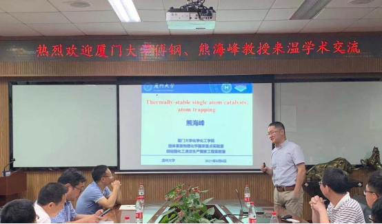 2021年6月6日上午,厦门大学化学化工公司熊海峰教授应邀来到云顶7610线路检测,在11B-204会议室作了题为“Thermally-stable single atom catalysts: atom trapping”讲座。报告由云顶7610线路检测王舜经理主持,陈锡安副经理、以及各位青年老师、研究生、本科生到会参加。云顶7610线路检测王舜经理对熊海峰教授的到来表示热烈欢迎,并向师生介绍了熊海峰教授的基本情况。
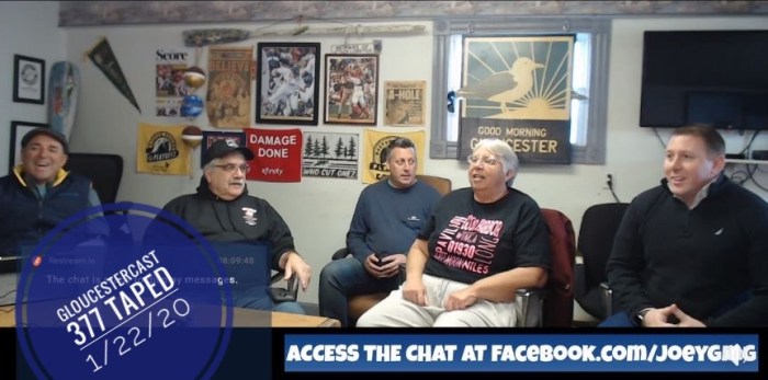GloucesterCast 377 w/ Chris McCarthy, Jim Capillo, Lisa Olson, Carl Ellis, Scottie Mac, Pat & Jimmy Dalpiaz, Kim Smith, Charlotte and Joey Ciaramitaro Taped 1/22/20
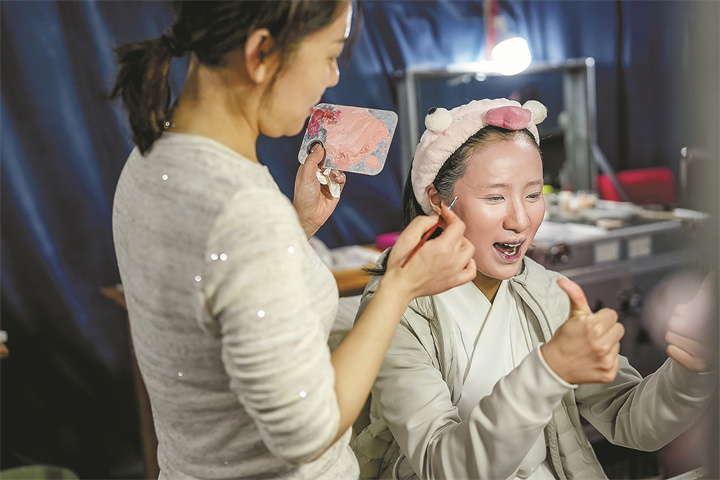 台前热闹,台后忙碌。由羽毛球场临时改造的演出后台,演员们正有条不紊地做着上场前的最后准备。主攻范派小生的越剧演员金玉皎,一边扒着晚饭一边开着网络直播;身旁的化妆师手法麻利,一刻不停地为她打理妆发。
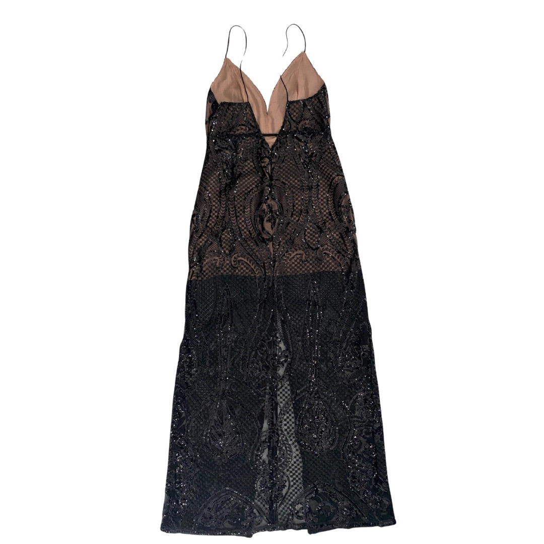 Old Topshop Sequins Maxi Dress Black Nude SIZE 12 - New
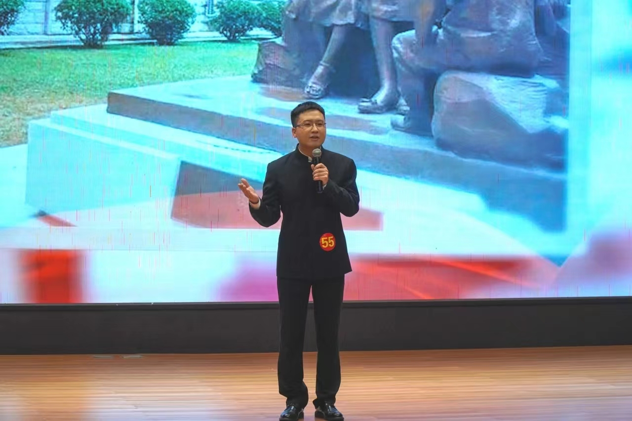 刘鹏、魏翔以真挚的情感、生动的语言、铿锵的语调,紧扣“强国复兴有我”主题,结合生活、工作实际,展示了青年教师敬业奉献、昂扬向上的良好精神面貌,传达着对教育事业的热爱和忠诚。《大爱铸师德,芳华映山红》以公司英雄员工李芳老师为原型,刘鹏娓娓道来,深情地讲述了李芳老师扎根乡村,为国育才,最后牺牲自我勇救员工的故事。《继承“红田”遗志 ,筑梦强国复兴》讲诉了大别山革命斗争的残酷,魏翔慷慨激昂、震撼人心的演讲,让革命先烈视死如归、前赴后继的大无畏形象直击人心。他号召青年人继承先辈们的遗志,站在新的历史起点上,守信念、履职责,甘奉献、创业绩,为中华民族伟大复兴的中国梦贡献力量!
--
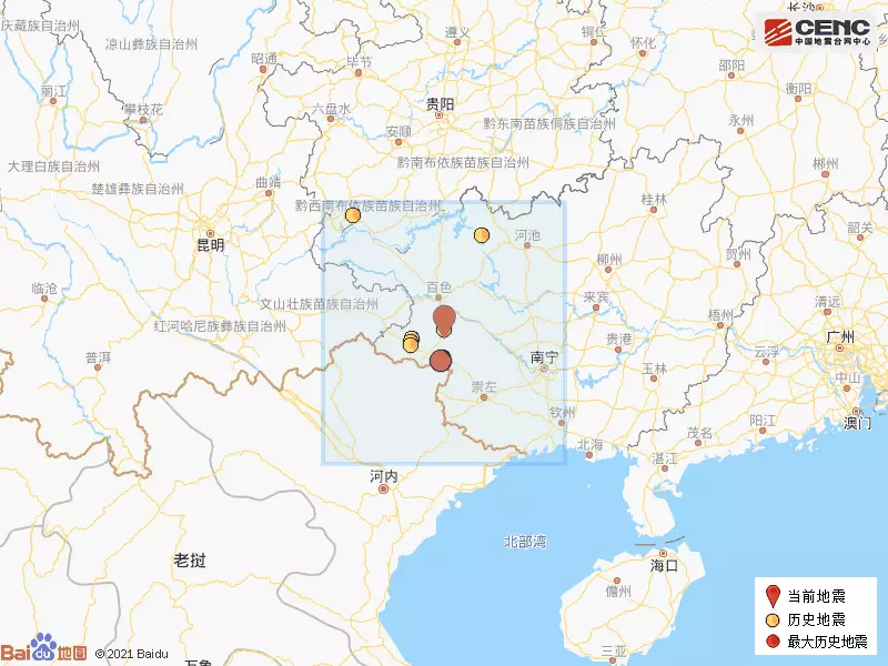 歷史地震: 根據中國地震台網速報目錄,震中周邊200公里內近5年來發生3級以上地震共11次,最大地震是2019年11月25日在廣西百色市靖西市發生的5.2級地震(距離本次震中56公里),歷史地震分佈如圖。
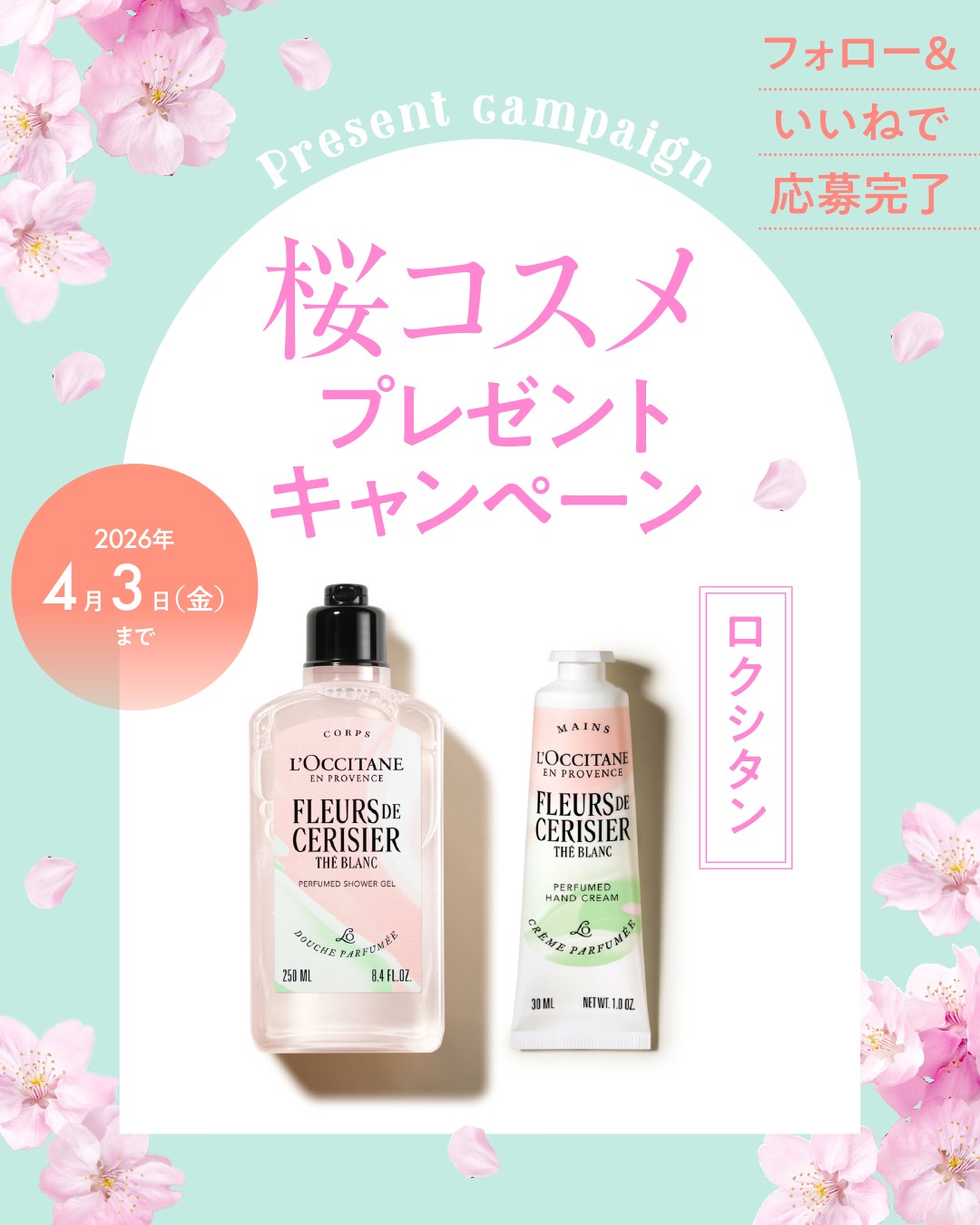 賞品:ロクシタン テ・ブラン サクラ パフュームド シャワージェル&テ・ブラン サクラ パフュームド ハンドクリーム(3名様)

## Exercise details
Look above and copy only the lines from the one holding "atom catalysts: atom" to the one holding "Old Topshop Sequins", both included, exactly, minus the pictures.

## Solution below
 2021年6月6日上午,厦门大学化学化工公司熊海峰教授应邀来到云顶7610线路检测,在11B-204会议室作了题为“Thermally-stable single atom catalysts: atom trapping”讲座。报告由云顶7610线路检测王舜经理主持,陈锡安副经理、以及各位青年老师、研究生、本科生到会参加。云顶7610线路检测王舜经理对熊海峰教授的到来表示热烈欢迎,并向师生介绍了熊海峰教授的基本情况。
GloucesterCast 377 w/ Chris McCarthy, Jim Capillo, Lisa Olson, Carl Ellis, Scottie Mac, Pat & Jimmy Dalpiaz, Kim Smith, Charlotte and Joey Ciaramitaro Taped 1/22/20
 台前热闹,台后忙碌。由羽毛球场临时改造的演出后台,演员们正有条不紊地做着上场前的最后准备。主攻范派小生的越剧演员金玉皎,一边扒着晚饭一边开着网络直播;身旁的化妆师手法麻利,一刻不停地为她打理妆发。
 Old Topshop Sequins Maxi Dress Black Nude SIZE 12 - New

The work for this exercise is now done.